Фантастчески-памфлетная киноповестъ «Бегство мистера Мак-Кинли», в которой сделана художественно блистательная попытка «накидать предположительный ход вещей, если дело с разоружением затянется и международная жизнь останется без изменений», несет на себе резкий отпечаток леоновского стиля. Глубинная нравственно-философская проблематика повести вырастает из самой сердцевины творчества писателя, создавшего «Скутаревского» и «Дорогу на океан», «Нашествие» и «Русский лес», «Метель» и «Евгению Ивановну». Я имею в виду ту характерную для Леонова многоплановость повествования, тот симфонизм, при котором писатель смело и продуманно совмещает точное изображение быта с социально заостренными, часто гротескно-сатирическими обобщениями, напряженные диалоги на «вечные темы» с достовернейшими деталями вот этой среды и вот этой, данной, исторической минуты. Еще больше я имею в виду особую интеллектуально-духовную насыщенность повести теми параллелями, аналогиями (и подчас опровержениями этих аналогий), которые связывают ее ситуации с моральными конфликтами мировой гуманистической культуры. Судьба «маленького человека», мистера Мак-Кинли, сознательно проецируется здесь не только на политический и бытовой фон нынешнего — «безумного, безумного, безумного» — западного буржуазного мира; она вводится в контекст романов Достоевского, фильмов Чаплина, романтических утопий прошлого и настоящего и благодаря также этому вырастает в своем значений до символического размаха, до самых глубоких, конечных для искусства проблем жизни и смерти, добра и зла, человечности и бесчеловечия, понимаемых с позиций социалистической гуманности.
В этом удивительном, необычном — по сравнению с другими леоновскими книгами — произведении внимательный читатель откроет неудивительное родство его с тем, что написано Леоновым, помимо «Бегства Мак-Кинли»; и наоборот, с помощью этого кинопамфлета читатель лучше поймет художественную оригинальность знаменитых леоновских романов.

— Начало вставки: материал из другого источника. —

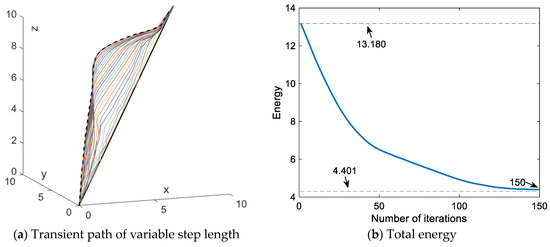 Figure 10 describes the transient profiles and total energy variations for the corresponding paths. The collision energy decreases as the number of iterations increases and the variable step length also becomes smaller as the collision energy decreases. As can be seen from Figure 10b, the total energy decreases from the initial state 13.180 to the final state 4.401 with 150 iterations. Compared to the fixed δ = 0.1, the scheme increases the number of iterations by 108.3%. Additionally, it decreases the total energy of the final convergence point by 10.6%. On the other hand, compared to the fixed δ = 0.01, it decreases the number of iterations by 77.7% and increases the total energy of the final convergence point by 15.1%. This situation implies that employing variable step length significantly diminishes the number of iterations and can improve premature convergence. However, the results of this approach are not satisfactory.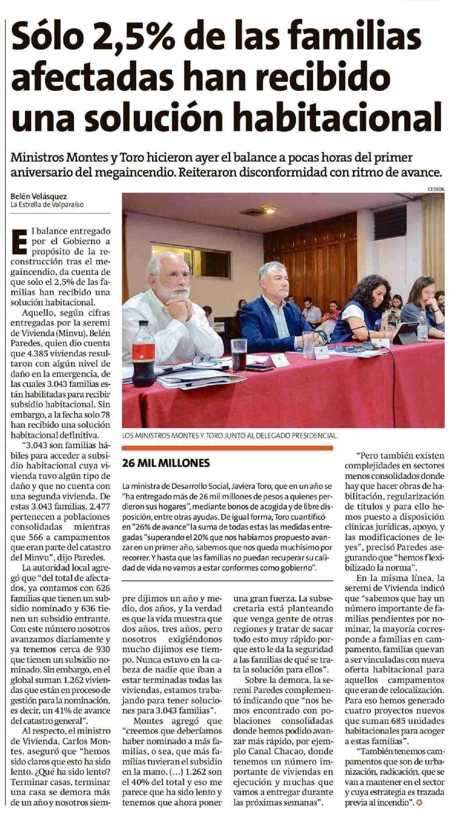 Sólo 2,5% de las familias una solución habitacional afectadas han recibido 01-02-2025 La Estrella de Valparaíso |

И у Шефнера, и у Тендрякова мы также обнаруживаем родство фантастических произведений с их «обычными», нефантастическими. При этом суть дела не в том, что, скажем, в гранинских романах «Искатели» и «Иду на грозу» некоторые чисто научные мотивы стоят на рубеже технически возможного и технически невозможного (на сегодня). Наличие таких мотивов, например, в «Скутаревском» Леонова не делает этот роман принадлежащим «научной фантастике». Точно так же обстоит дело и с гранинскими романами и с «обычной» прозой Берестова, неплохо передающей атмосферу научных поисков и знакомящей с гипотезами археологической науки (например, очерковая повесть «Нож: в золотых ножнах»). Суть дела, когда мы говорим об органичности для названных писателей их «фантастических опытов» в другом.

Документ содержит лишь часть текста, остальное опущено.